▶ REQUIRED ACTION: What you write should match, word for word, the lines from the one containing "風車の前は水生植物園になっていて、各種の蓮が栽培されています。" through the end of the data, with no pictures.

------------------------------------------------

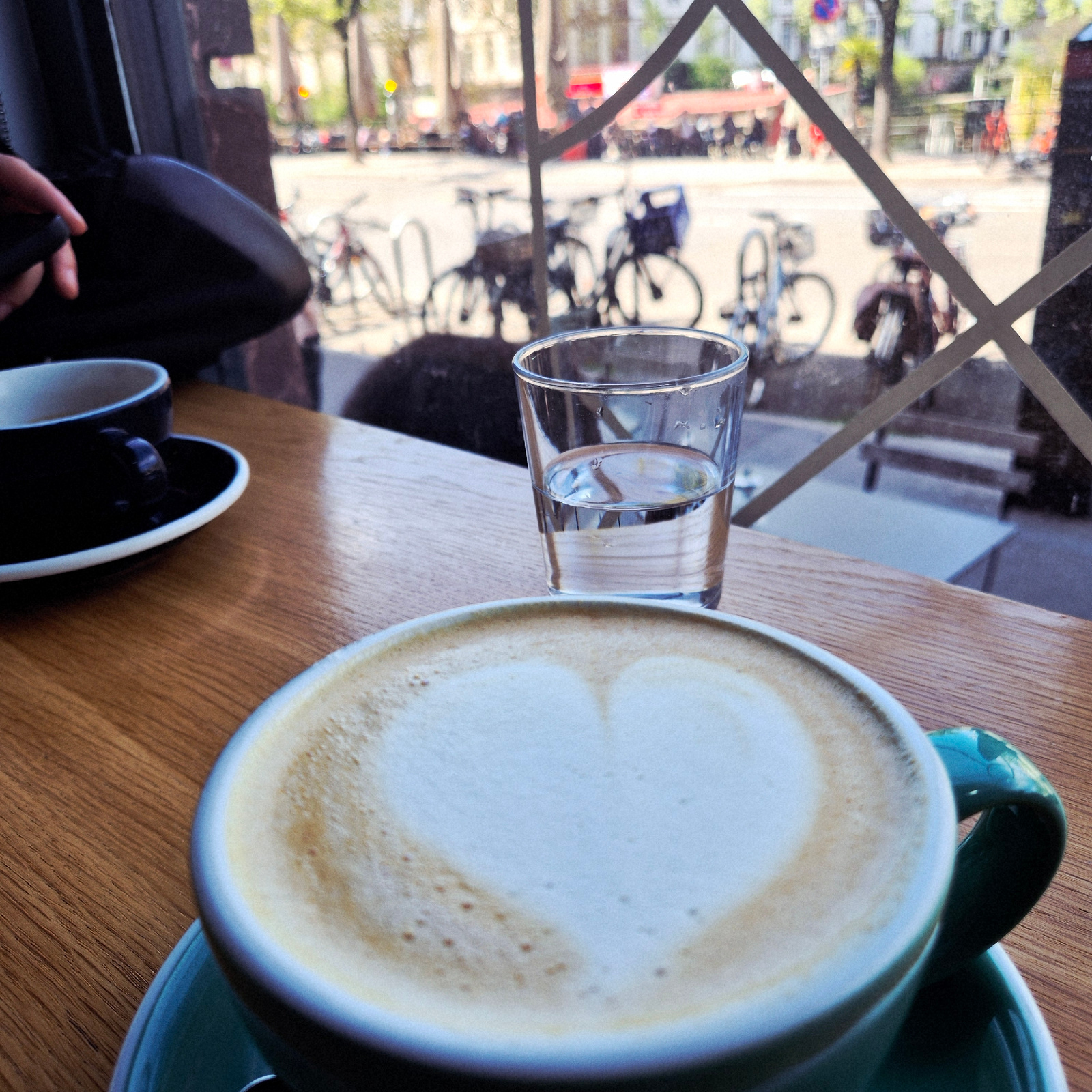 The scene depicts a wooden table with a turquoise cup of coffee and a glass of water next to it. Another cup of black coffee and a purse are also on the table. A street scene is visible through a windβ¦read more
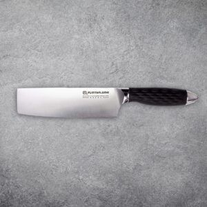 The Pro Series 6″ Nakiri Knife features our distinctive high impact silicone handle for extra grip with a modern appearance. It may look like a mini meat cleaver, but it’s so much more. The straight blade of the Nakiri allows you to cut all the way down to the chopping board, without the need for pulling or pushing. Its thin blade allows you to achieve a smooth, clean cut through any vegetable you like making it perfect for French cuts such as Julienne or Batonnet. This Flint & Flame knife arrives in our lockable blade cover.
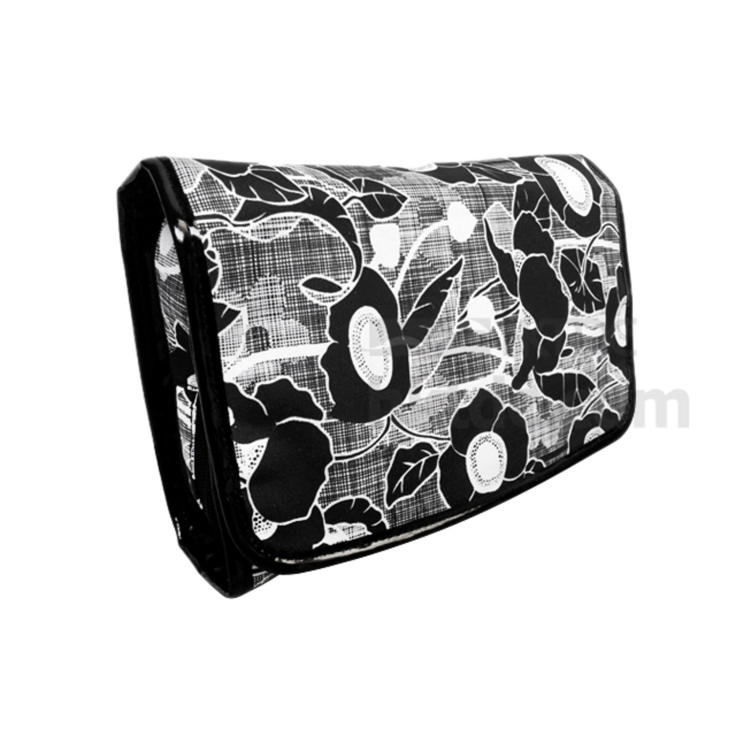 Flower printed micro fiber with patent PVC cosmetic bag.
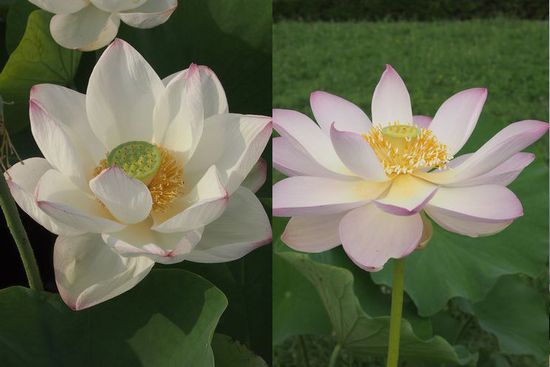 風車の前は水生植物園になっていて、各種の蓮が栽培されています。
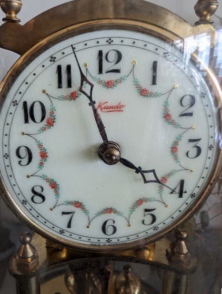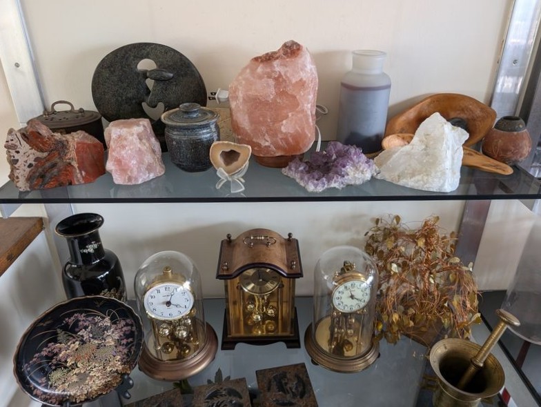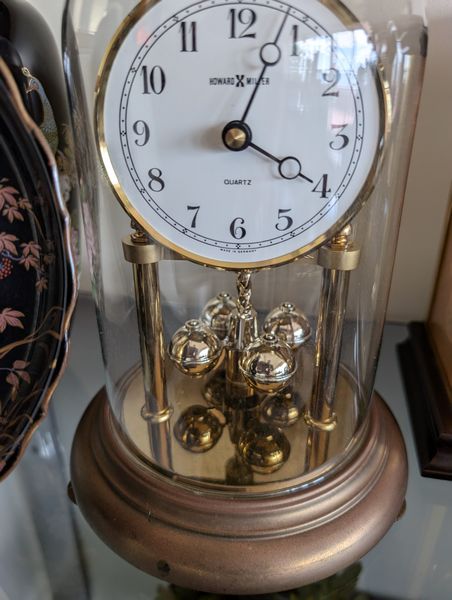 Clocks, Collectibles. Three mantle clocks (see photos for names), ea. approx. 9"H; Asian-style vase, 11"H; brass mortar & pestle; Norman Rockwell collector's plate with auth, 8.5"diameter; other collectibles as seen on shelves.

------------------------------------------------

▶ YOUR SOLUTION:
 風車の前は水生植物園になっていて、各種の蓮が栽培されています。
 Clocks, Collectibles. Three mantle clocks (see photos for names), ea. approx. 9"H; Asian-style vase, 11"H; brass mortar & pestle; Norman Rockwell collector's plate with auth, 8.5"diameter; other collectibles as seen on shelves.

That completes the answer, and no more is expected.